2. The left and right housing track rod structure of the multidirectional hydraulic machine as set forth in claim 1, wherein:

The pull rod assembly further comprises two lock nuts (403);

The tie rod (401) penetrates through the fixing seat (402), the two locking nuts (403) are in threaded connection with two ends of the tie rod (401) and are in butt joint with the fixing seat (402), and compared with the locking nuts (403), the fixing seat (402) is closer to the center of the tie rod (401).

3. The left and right housing track rod structure of the multi-directional hydraulic machine as claimed in claim 2, wherein:

The two side walls of the accommodating cavity (300) parallel to the tie rod (401) are symmetrically arranged relative to the center of the tie rod (401).

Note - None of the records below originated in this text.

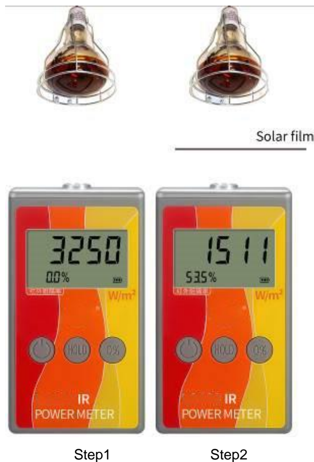
Figure1: Measuring the infrared rejection rate of solar film

To measure the infrared rejection rate of solar films and insulated glass, etc, two steps shall be carried out: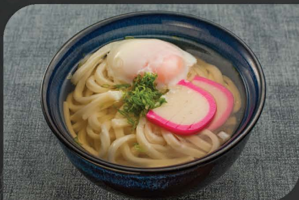
N145 TSUKIMI UDON $7.50 Onsen egg with hot soup noodles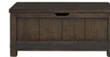
Toy Chest Bench 36W x 18D x 17H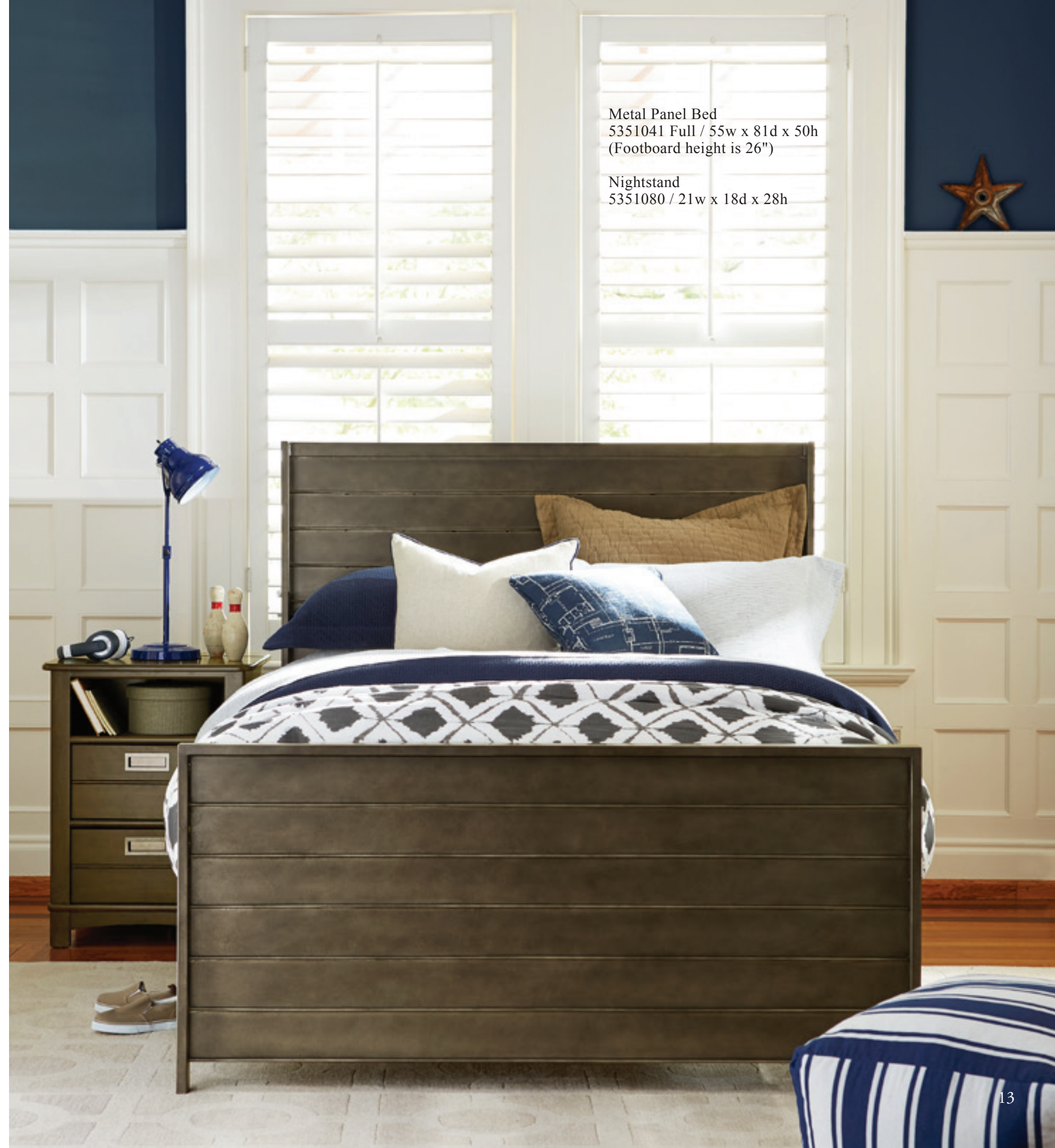
Metal Panel Bed 5351041 Full / 55w x 81d x 50h (Footboard height is 26")

4. The left and right housing track rod structure of the multi-directional hydraulic machine as claimed in claim 2, wherein:

The fixing seat (402) is welded in the accommodating cavity (300).

5. The left and right housing tie rod structure of the multidirectional hydraulic machine as claimed in claim 4, wherein:

Arc-shaped holes (301) communicated with the accommodating cavity (300) are respectively arranged on the left housing (100) and the right housing (200), and the arc-shaped holes (301) extend along the second direction.

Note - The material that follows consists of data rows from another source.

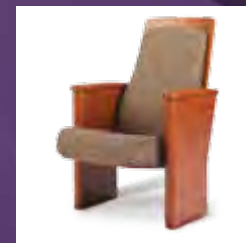
Fixed Audience Seating Page 19

Portable audience seating that's easy to fold and store.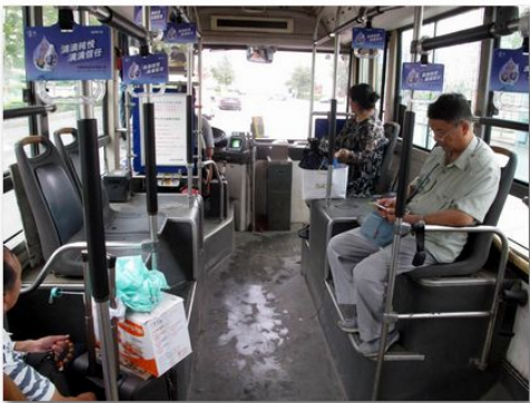
IMG_4183 City Bus We Took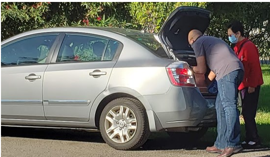
Loading Groceries in Car Trunk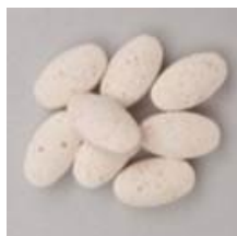
Tablets Packaged with PharmaKeep®

Degradation avoidance: With PharmaKeep, the chemical and physical degradation of drug products can be mitigated, sometimes visible in extreme color change, especially with uncoated tablets.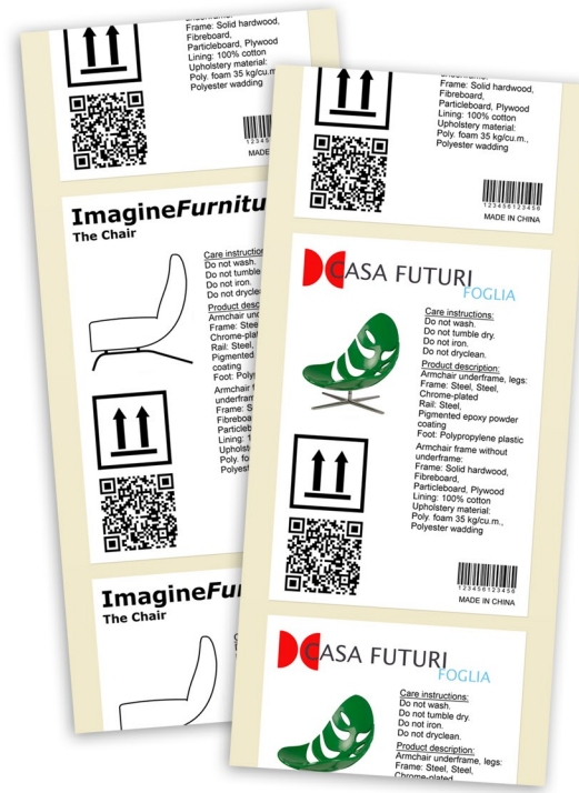
Be creative and move to colour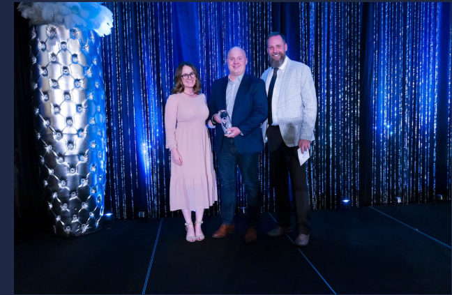
JAPA Machinery Group Small Business of the Year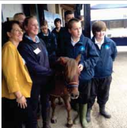
A group from the Discovery Programme

Measurable outcomes have shown that for these troubled and vulnerable youngsters anti-social behaviour can be calmed and levels of concentration and communication enhanced; and those suffering from restricted development can demonstrate previously unseen levels of self-confidence and team-building skills.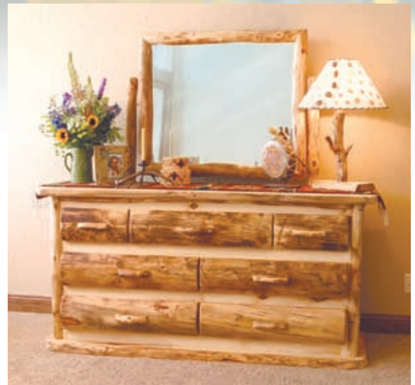
72" 7-Drawer Dresser with Mirror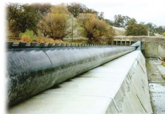
An example of a diversion facility

Your Salinas Valley Water Project Assessment ballot is enclosed.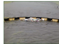
Trash from storm drains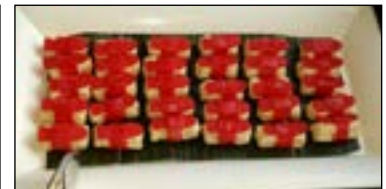
Above photo: Culinary treats depicting “Under the Sea” theme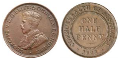
2790* George V, 1923. Faint peripheral die breaks either side, old scratches through head and rim nick at 10 o'clock on obverse, otherwise very fine.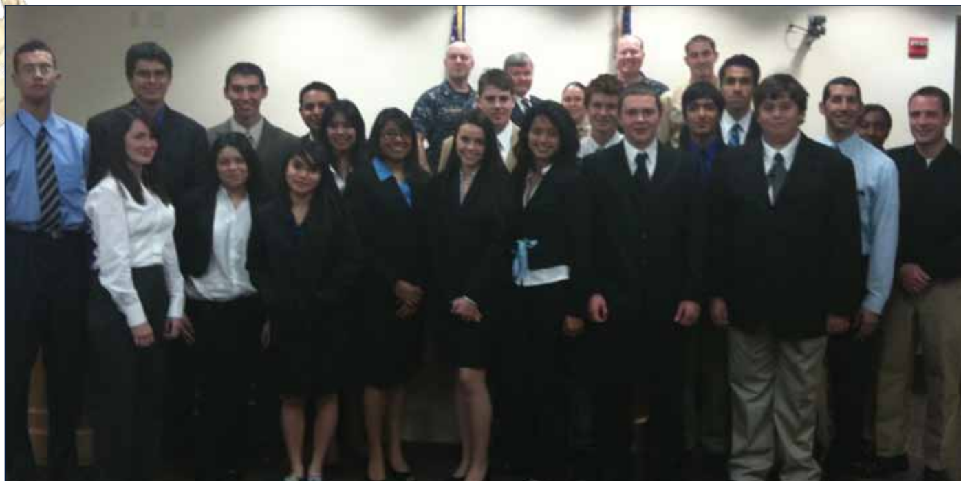
Members of Otay Ranch High School's Academy of Criminology and Justice at the mock trial clinic hosted by Region Legal Service Office and Navy Legal Service Office Southwest.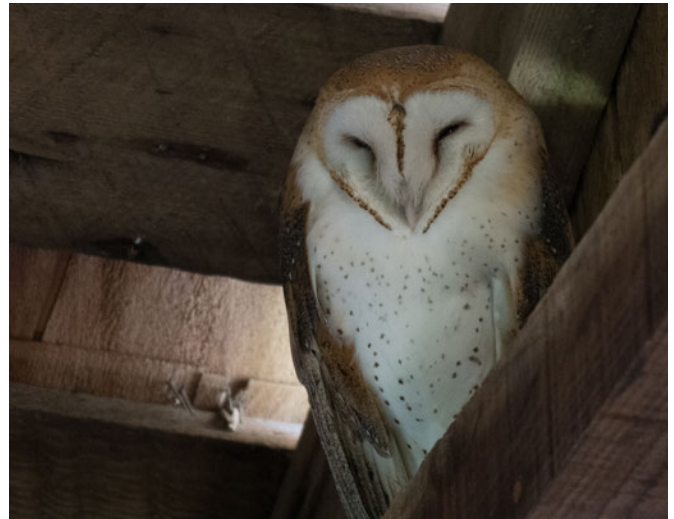
Barn owl.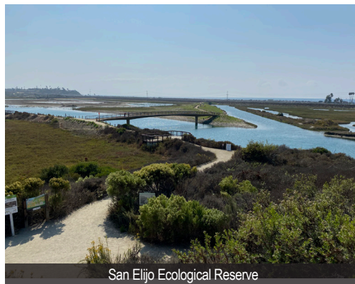
San Elijo Ecological Reserve

SAN DIEGUITO Before Spanish settlers operated the park as a rancharia and place to graze cattle, and the Mexican people built an adobe following their independence from Spain, this land was inhabited by the Kumeyaay people. Located just a few miles from the Pacific Ocean, this approximately 125-acre park has picnic areas, playgrounds, fitness stations, a butterfly garden, sports amenities and 5 miles of trails.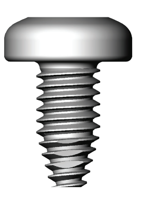
EJOT® HardTip SHEETtracs®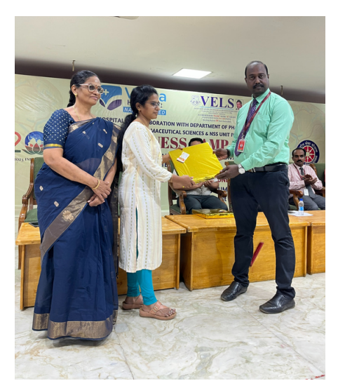
Felicitation of Chief Guests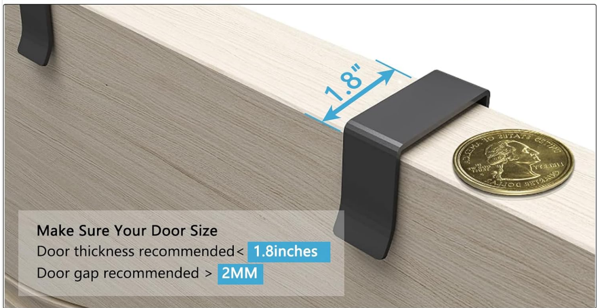
Image 4.1: Visual guide for checking door thickness and gap before over-door installation.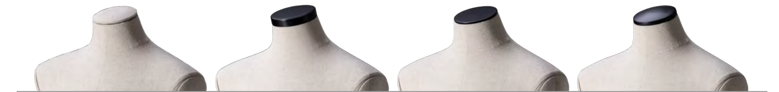
BFAN-01 / BMAN-01 wood, fabric covered (standard)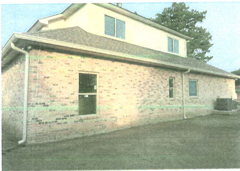
REAR VIEW 7/29/2014

6. The left and right housing track rod structure of the multi-directional hydraulic machine as claimed in claim 2, wherein:

A first reinforcing rib (601) is connected between the fixing base (402) and the left housing (100), and a second reinforcing rib (602) is connected between the fixing base (402) and the right housing (200).

7. The left and right housing track rod structure of the multi-directional hydraulic machine as claimed in claim 6, wherein:

The first reinforcing ribs (601) and the second reinforcing ribs (602) are respectively provided with three pairs, and each pair of the first reinforcing ribs (601) and the second reinforcing ribs (602) are symmetrically arranged relative to the center of the tie rod (401).

8. The left and right housing track rod structure of the multidirectional hydraulic machine as set forth in claim 1, wherein:

the accommodating cavity (300) is a square cavity.

9. The left and right housing track rod structure of the multidirectional hydraulic machine as set forth in claim 1, wherein:

the first direction is perpendicular to the second direction.

10. The left and right housing track rod structure of the multi-directional hydraulic machine as claimed in claim 2, wherein:

A pressure sensor (404) is arranged between the nut (403) at least one end and the fixed seat (402).